ALLE gesunden europäischen
Landschildkröten müssen überwintern. Auch Jungtiere, die nur
wenige Wochen alt sind, können bereits eine mehrmonatige Winterruhe
verkraften, genauer gesagt ist diese der gesunden Entwicklung sehr
zuträglich. Lediglich kranke, trächtige oder stark abgemagerte Tiere
sollten vorerst wach bleiben und können dann ggf. verspätet
eingewintert werden. Die "licht- und wärmebetriebenen" Reptilien stellen
mit abnehmenden Temperaturen und kürzer werdenden Tagen die
Nahrungsaufnahme langsam ein. Da sich in ihrem Verdauungstrakt die Nahrung
einer gesamten Woche befindet, verlieren die Tiere somit vor der Winterruhe
scheinbar an Gewicht. Durch Bäder werden die Tiere zum Kotabsatz angeregt
und zusätzlich besteht auch die Möglichkeit der
Flüssigkeitsaufnahme. Auch während dieser Zeit soll Futter angeboten
werden; die Tiere werden von alleine weniger bis nichts mehr fressen. Ein
"Winterspeck" sollte nicht angefressen werden, denn hierdurch könnten
sogar organische Schäden entstehen. Im Idealfall werden die Tiere vom
anfänglichen "Leergewicht" gar nichts verlieren.

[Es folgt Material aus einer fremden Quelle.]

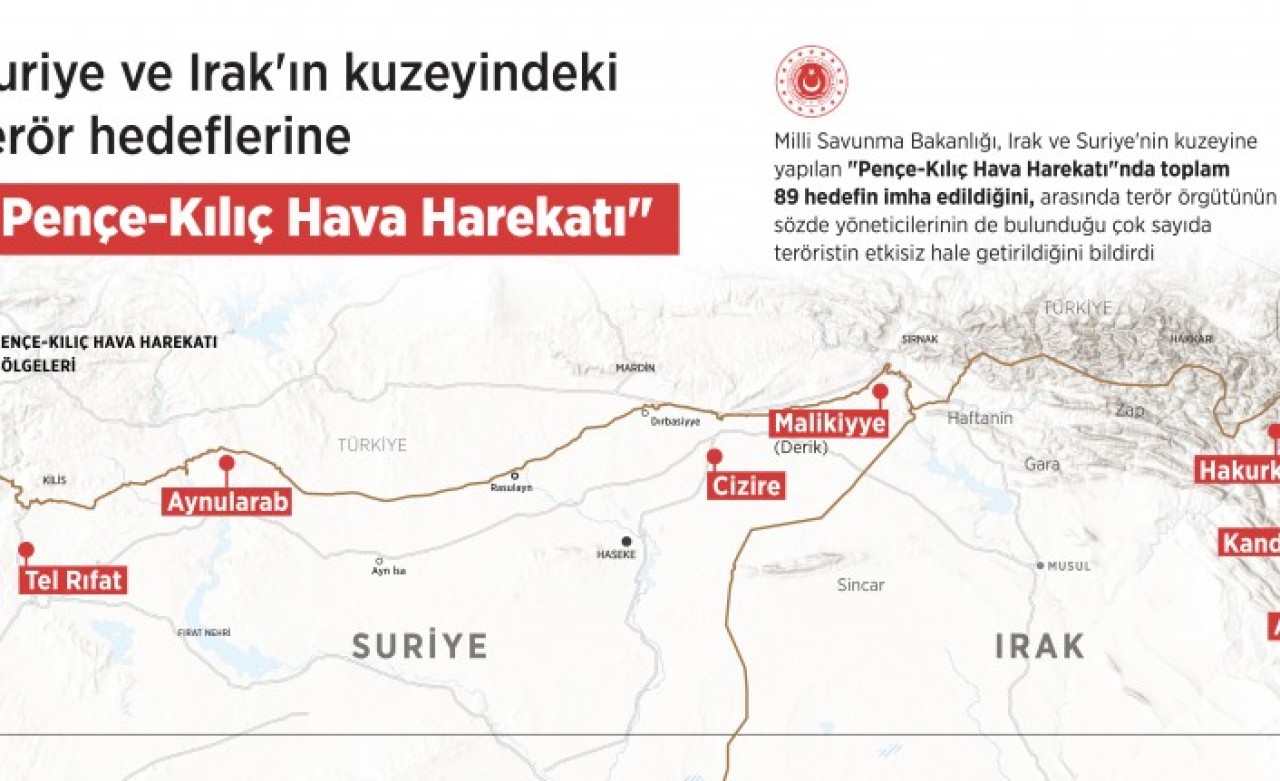 ANKARA (AA) - Milli Savunma Bakanlığı, Irak ve Suriye'nin kuzeyine yapılan "Pençe-Kılıç Hava Harekatı"nda toplam 89 hedefin imha edildiğini, arasında terör örgütünün sözde yöneticilerinin de bulunduğu çok sayıda teröristin etkisiz hale getirildiğini bildirdi.

Vorbereitung Einige Wochen vorher jedoch ist es
ratsam eine Kotuntersuchung durchführen zu lassen. Hierbei können
eventuelle parasitäre Infektionen aufgedeckt und gegebenenfalls behandelt
werden. Eine prophylaktische Wurmbehandlung ohne Untersuchung ist nicht
sinnvoll, da so andere Parasiten nicht entdeckt werden können und
eventuell Schildkröten mit Medikamenten behandelt werden, die sie gar
nicht brauchen. Allerdings sollten auch bei einem positivem Befund, also wenn
Würmer oder Wurmeier gefunden werden, nur Tiere behandelt werden, die noch
aktiv sind und fressen. Abgetötete Würmer sollten noch ausgeschieden
werden können, also sollte noch mindestens zwei Wochen nach der
Wurmbehandlung Kotabsatz stattfinden.
Durch thermostatgesteuerte
Frühbeete lässt sich der Spätsommer noch etwas verlängern,
jedoch muss man mit sinkenden Temperaturen damit rechnen, dass die Tiere bald
immer inaktiver werden, jegliche Aktivität einstellen und sich beginnen
einzugraben. Ist das Gehege zu groß oder unübersichtlich empfiehlt
es sich dann oft, die Tiere in eine Einwinterungskiste (die
selbstverständlich auch draußen und regensicher stehen sollte) zu
überführen, um zu vermeiden eingegrabene Tiere eventuell nicht
auffinden zu können. In einem Gemisch aus Erde und Laub können sich
die Schildkröten dann darin eingraben. Sind sie dann mehrere Tage
verschwunden, sind sie bereit für den Umzug in den Kühlschrank.
Die Überwinterungskiste und der
Kühlschrank Als Kiste eignet sich am besten eine Kunststoffkiste
mit vielen Luftlöchern. Staunässe sollte vermieden werden, wie auch
Schimmelbildung (im Falle von Holz- oder Pappschachteln). Eine
handelsübliche Aufbewahrungsbox aus dem Baumarkt (mit einem Lötkolben
lassen sich leicht Luftlöcher produzieren) ist ebenso geeignet wie diverse
Kisten aus dem Zoofachhandel. Bevor die Tiere in die Kiste eingebettet
werden, sollten sie sich nicht nur selbst eingewintert haben, es ist auch
ratsam die Kiste vorher "probelaufen" zu lassen. Die fertig eingerichtete Kiste
wird mit einem Thermometer versehen (am besten eine Sonde eine elektronischen
Thermometers außerhalb des Kühlschrankes), um zu kontrollieren, wie
hoch die tatsächliche Temperatur in der Kiste ist und ob diese konstant
ist. In vielen Kühlschränken kommt es zu starken
Temperaturschwankungen und auch nicht an jeder Stelle im Kühlschrank ist
die Temperatur gleich. Die optimale Überwinterungstemperatur
beträgt 2-6° C. Temperaturen unter 0° C sollten vermieden
werden um Frostschäden zu vermeiden, bei höheren Temperaturen kommt
es häufig zu Gewichtsverlust und anderen Problemen. Die
Füllung der Kiste kann aus verschiedensten Materialien bestehen.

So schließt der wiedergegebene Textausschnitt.